Set out exactly, line by line, the stretch of data below that begins at the line containing "VT 72 Miscelatore" and ends at the line containing "三井不動産スポーツアカデミー (バスケットボールアカデミー)", with both ends kept.

_Data provided:_
== Segment start ==
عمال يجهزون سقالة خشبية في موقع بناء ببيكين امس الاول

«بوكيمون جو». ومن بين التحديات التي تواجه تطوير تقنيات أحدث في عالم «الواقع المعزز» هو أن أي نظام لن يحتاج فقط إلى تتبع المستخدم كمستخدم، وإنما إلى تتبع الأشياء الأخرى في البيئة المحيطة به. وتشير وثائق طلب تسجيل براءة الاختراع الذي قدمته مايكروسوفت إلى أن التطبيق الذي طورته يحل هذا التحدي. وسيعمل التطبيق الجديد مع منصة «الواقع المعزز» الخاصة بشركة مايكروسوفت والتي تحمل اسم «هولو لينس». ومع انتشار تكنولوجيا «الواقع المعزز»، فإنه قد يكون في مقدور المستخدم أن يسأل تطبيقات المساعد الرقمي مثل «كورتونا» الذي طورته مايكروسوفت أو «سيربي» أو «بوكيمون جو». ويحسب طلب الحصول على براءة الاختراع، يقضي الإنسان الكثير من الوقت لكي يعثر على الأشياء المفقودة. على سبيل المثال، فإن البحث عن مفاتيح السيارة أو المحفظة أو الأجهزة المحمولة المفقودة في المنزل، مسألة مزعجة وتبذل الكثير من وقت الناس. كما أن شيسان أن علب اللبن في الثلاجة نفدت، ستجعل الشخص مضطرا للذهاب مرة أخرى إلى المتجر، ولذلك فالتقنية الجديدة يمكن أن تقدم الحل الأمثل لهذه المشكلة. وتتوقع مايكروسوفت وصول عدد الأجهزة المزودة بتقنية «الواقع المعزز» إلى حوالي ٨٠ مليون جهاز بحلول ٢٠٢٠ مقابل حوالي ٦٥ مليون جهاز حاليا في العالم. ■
== Segment end ==
== Segment start ==
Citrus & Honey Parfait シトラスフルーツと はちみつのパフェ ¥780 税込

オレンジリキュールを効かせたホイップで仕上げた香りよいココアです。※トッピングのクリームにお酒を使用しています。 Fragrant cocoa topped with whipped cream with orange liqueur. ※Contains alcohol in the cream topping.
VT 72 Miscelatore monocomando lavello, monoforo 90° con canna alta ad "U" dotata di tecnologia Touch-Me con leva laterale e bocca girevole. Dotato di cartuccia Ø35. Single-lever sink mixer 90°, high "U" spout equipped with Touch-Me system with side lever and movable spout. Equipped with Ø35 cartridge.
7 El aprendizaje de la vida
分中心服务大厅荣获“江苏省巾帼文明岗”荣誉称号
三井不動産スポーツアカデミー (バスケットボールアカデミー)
== Segment end ==
== Segment start ==
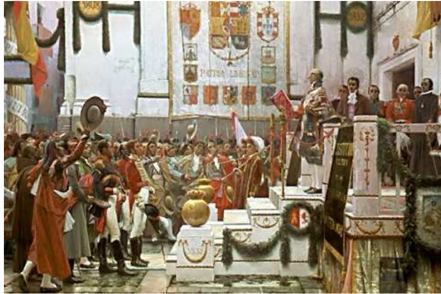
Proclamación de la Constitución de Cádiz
== Segment end ==
_Exercise solution:_
VT 72 Miscelatore monocomando lavello, monoforo 90° con canna alta ad "U" dotata di tecnologia Touch-Me con leva laterale e bocca girevole. Dotato di cartuccia Ø35. Single-lever sink mixer 90°, high "U" spout equipped with Touch-Me system with side lever and movable spout. Equipped with Ø35 cartridge.
7 El aprendizaje de la vida
分中心服务大厅荣获“江苏省巾帼文明岗”荣誉称号
三井不動産スポーツアカデミー (バスケットボールアカデミー)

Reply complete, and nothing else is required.